IN a foundation set, those sorts of 'tricks' are often the best way for students to do basic percentages. 25% - divide by 4, 50%, divide by 2, 10%, divide by 10, (possibliy 1%, divide by 100), and then from those, make whatever percent you need. Often the questions only use 25% or 50%, especially on a non-calculator paper.
If you teach them divide by 100, many of them would struggle with that, because they might try to use bus stop method or some longer calculation like that because they aren't confident with place value. If they do divide by 100, and are then faced with a decimal, they don't necessarily know how to multiply with decimals. And then if they do know how to multiply, they might get confused with using a 2-digit number like 25. Much easier to do something like 36 divided by 4 than for them to try to do 3.6 x 25.
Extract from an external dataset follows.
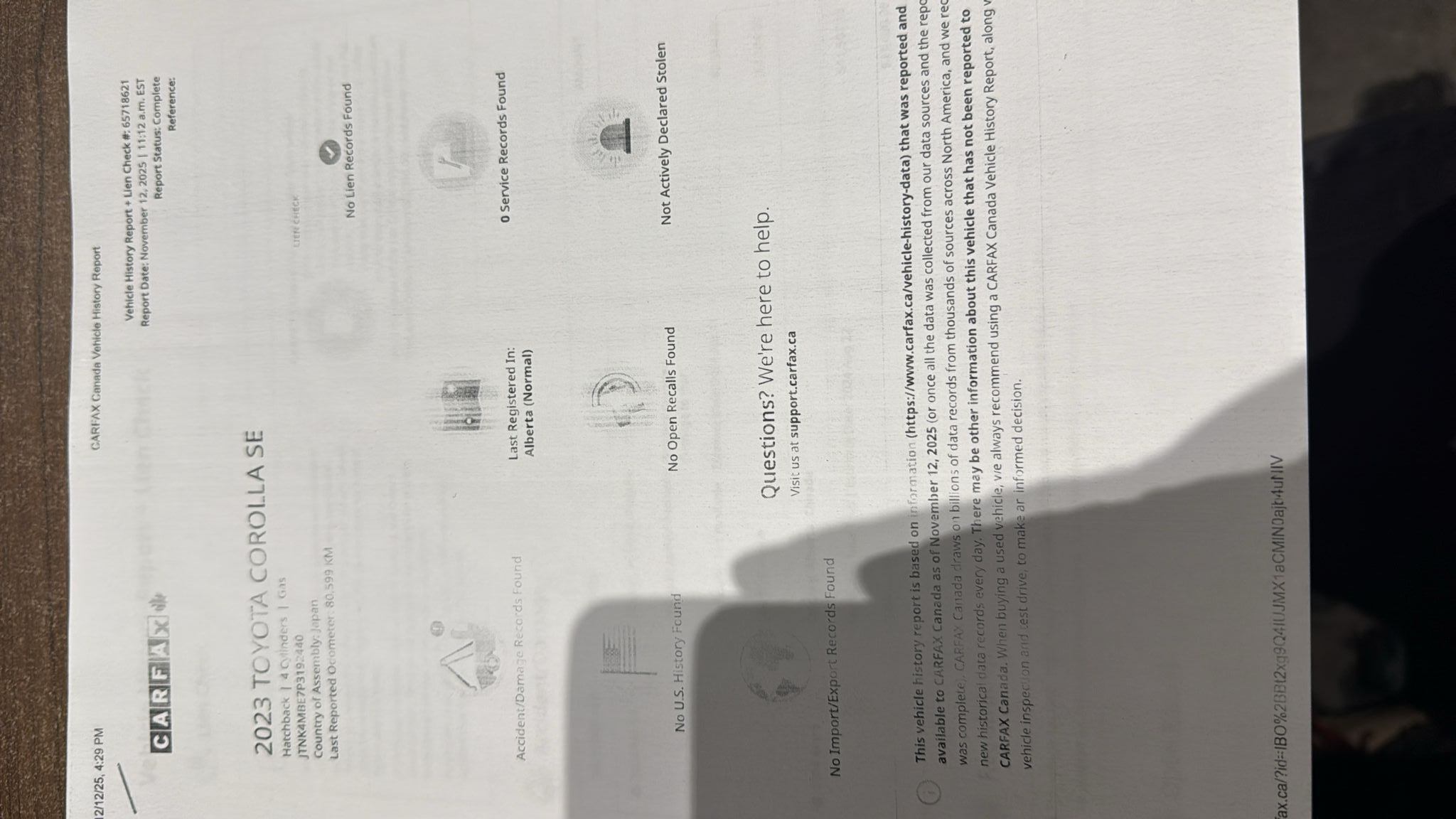 Low km (108,531 km )

yes it would be great if they understood that 25% is the same as 1/4, and that finding 1/4 is the same as dividing by 4, and chances are that they've been shown that many many times ,but if they're struggling with maths and are at a resit level, chances are that it hasn't really gone in or made sense. If I had lots of time to go back to the beginning and start over with some pupils with basic fractions etc, that would help - but often they are much more interested in merely passing the exam, and don't really care about the 'why' of it. They know that there are non-calculator ways (the shortcuts) and calculator ways that may be faster, but many of them prefer the shortcuts along with 1%.
But that said, I'd be happy if someone wanted to use another method that they had remember and were correctly using, if they could do it fast enough and without a calculator. I might point out that there are faster methods (like dividing by 4), but they'd certainly get all the marks for doing it a longer-winded way.